Storage Alternatives in Deep Space IP (Joan)

• Concept: Brainstorming on where buffering/storage should occur within the deep space IP stack.
• Trade-offs: Higher layers offer more control and data awareness, while lower layers offer simplicity as data is already cued for the next hop.
• Scale of Buffering: Terrestrial internet buffering is in microseconds/milliseconds; deep space IP storage can be seconds, minutes, hours, or days.
• Open Question: Should a canonical layer for storage be defined, or should it be left to implementations? What are the interoperability risks of varied policies?
• Outcome: Due to time constraints, the discussion was deferred to the mailing list.
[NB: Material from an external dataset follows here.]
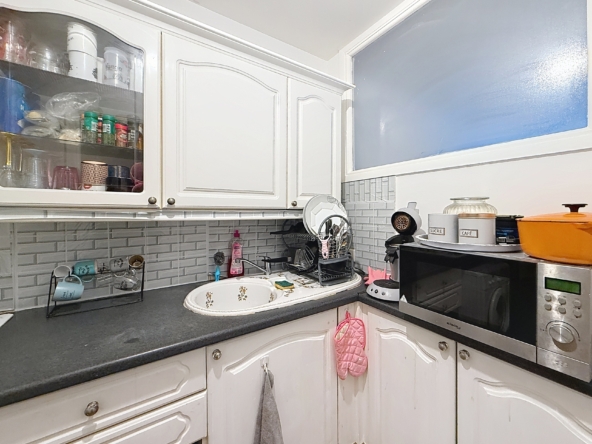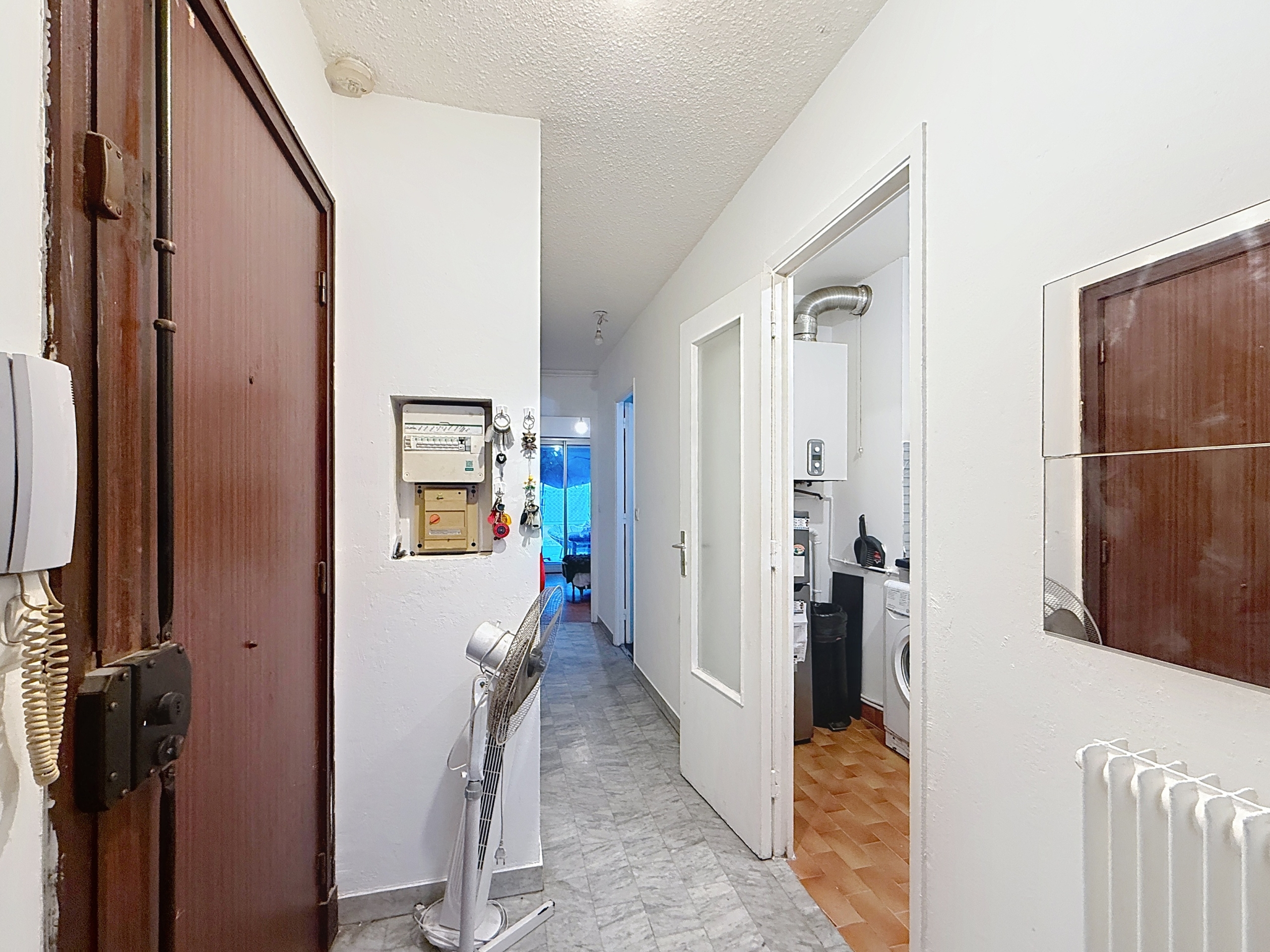 Le séjour, exposé sud/ouest, s’ouvre sur un balcon de 4,40 m² par une large baie vitrée. Le bien comprend une entrée avec placard, une chambre parquetée au calme, côté terrasse, une salle d’eau récente avec wc, et une cuisine indépendante aménagée (sans fenêtre).

Joan was encouraged to incorporate these different choices into the architecture document.

COAP in Space (Carlos)

• Rationale: COAP (Constrained Application Protocol), designed for IoT, shares many characteristics with deep space environments (long delays, intermittency, low bandwidth, limited resources).
• Key Features: Lightweight (4-byte header), asynchronous, flexible, security support, based on REST architecture.
• Recommendation: COAP over UDP for deep space, as TCP/TLS entail significant performance penalties (handshakes, non-optional reliability).
• Tuning: Parameters like Initial RTO need significant tuning for deep space.
• Benefits: Supports caching (reduces response time, resource consumption), proxying (e.g., orbiter proxy caching responses), and easy mapping to/from HTTP.
• Security: DTLS (performance issues) or Object Security (OSCORE), which protects application payloads end-to-end even with untrusted proxies, using pre-shared materials to avoid handshakes.
• Outcome: Due to time constraints, the discussion was deferred to the mailing list.

Decisions and Action Items

• ACTION: Chairs to send out a Working Group adoption call for the "TIPTOP IP Architecture" draft (draft-ietf-tiptop-ip-architecture) to the mailing list.
• ACTION: All participants are encouraged to read the "TIPTOP IP Architecture" draft and provide detailed feedback on the mailing list, particularly regarding the concerns raised about Quick specifics and IP addressing.
• ACTION: Ben's detailed security considerations (PR 43) will continue to be discussed on the mailing list for further input.
• ACTION: Natya to open a GitHub issue regarding the "crypto fail issue" observed with Kish's server recovery.
• ACTION: Joan's analysis of storage alternatives to be discussed further on the mailing list and potentially incorporated into the architecture document.
• ACTION: Carlos's "COAP in Space" draft to be discussed further on the mailing list.

Next Steps

• Continue extensive discussions on all presented drafts via the TIPTOP mailing list.
• Further refine the "TIPTOP IP Architecture" draft based on feedback, especially addressing the level of detail regarding specific protocols (like Quick) and the approach to IP address management.
• Advance the security requirements document based on Ben's presentation.
• Consider repeating the hackathon at the next IETF, focusing on more protocol and application testing, and a fully autonomous network setup.
• Monitor and address the "crypto fail issue" in Kish.